Last modified: 2008-12-09 00:27:06 UTC

Wikimedia Bugzilla is closed!

Wikimedia migrated from Bugzilla to Phabricator. Bug reports are handled in Wikimedia Phabricator.
This static website is read-only and for historical purposes. It is not possible to log in and except for displaying bug reports and their history, links might be broken.
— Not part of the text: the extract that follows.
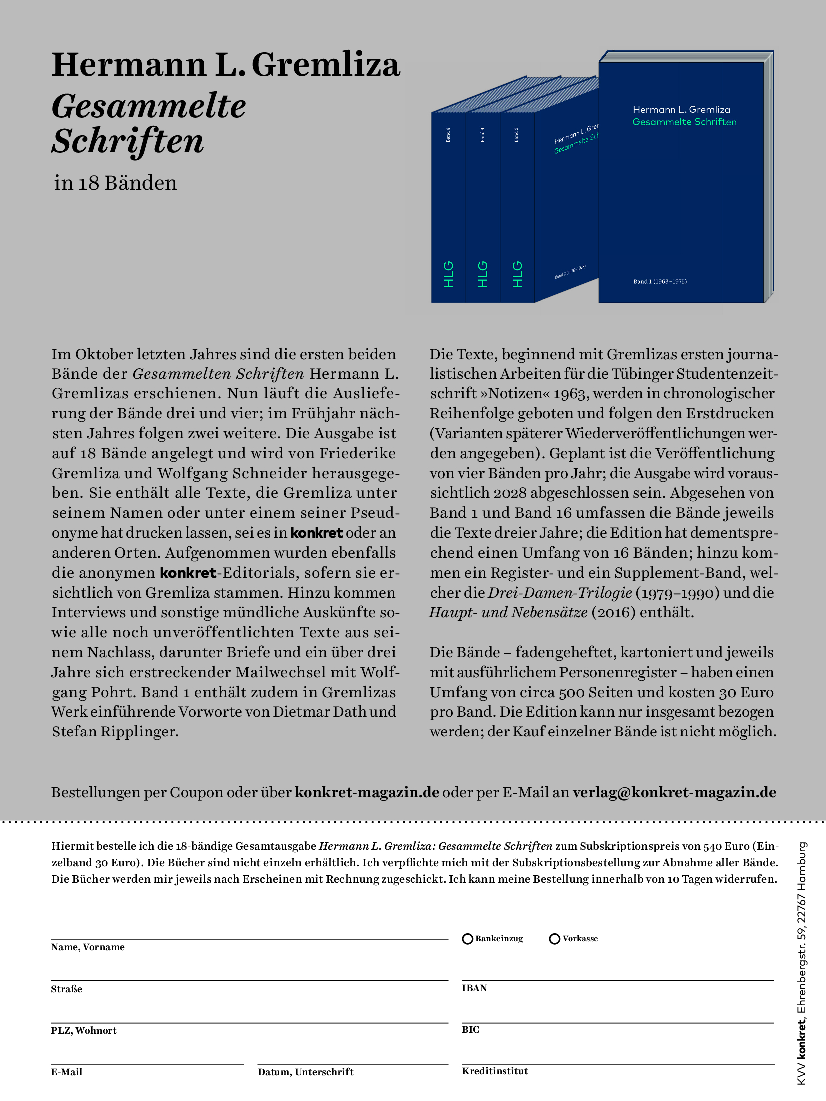 Hermann L. Gremliza Gesammelte Schriften in 18 Bänden.

See T16268, the corresponding Phabricator task for complete and up-to-date bug report information.
Bug 14268 - SVG handler uses an "uber-crappy hack" instead of a real XML parser
SVG handler uses an "uber-crappy hack" instead of a real XML parser
Status: RESOLVED FIXED
Product: MediaWiki
Classification: Unclassified
File management (Other open bugs)
unspecified
All All
: Normal minor with 1 vote (vote)
: ---
Assigned To: Brion Vibber
: patch, patch-need-review
Depends on:
Blocks:
  Show dependency treegraph
 
Reported: 2008-05-26 09:41 UTC by Mormegil
Modified: 2008-12-09 00:27 UTC (History)
4 users (show)

See Also:
Web browser: ---
Mobile Platform: ---
Assignee Huggle Beta Tester: ---


Attachments
Proposed patch (2.71 KB, patch)
2008-05-26 11:29 UTC, Max Semenik
Details
New patch (2.74 KB, patch)
2008-05-29 15:26 UTC, Max Semenik
Details
Updated patch (3.39 KB, patch)
2008-06-16 14:53 UTC, Chad H.
Details
Sample UTF-16 SVG (882.71 KB, image/svg+xml)
2008-12-09 00:23 UTC, Brion Vibber
Details

Description Mormegil 2008-05-26 09:41:58 UTC
wfGetSVGsize (in ImageFunctions.php) tries to detect the dimensions of a SVG file by looking for /<svg\s*([^>]*)\s*>/ in the first 4096 bytes of the file, acknowledging “Uber-crappy hack! Run through a real XML parser.” If it does not find the header by this method, it assumes the file is not a valid SVG file, and therefore, refuses to render its thumb on the image description page, replacing it with an icon.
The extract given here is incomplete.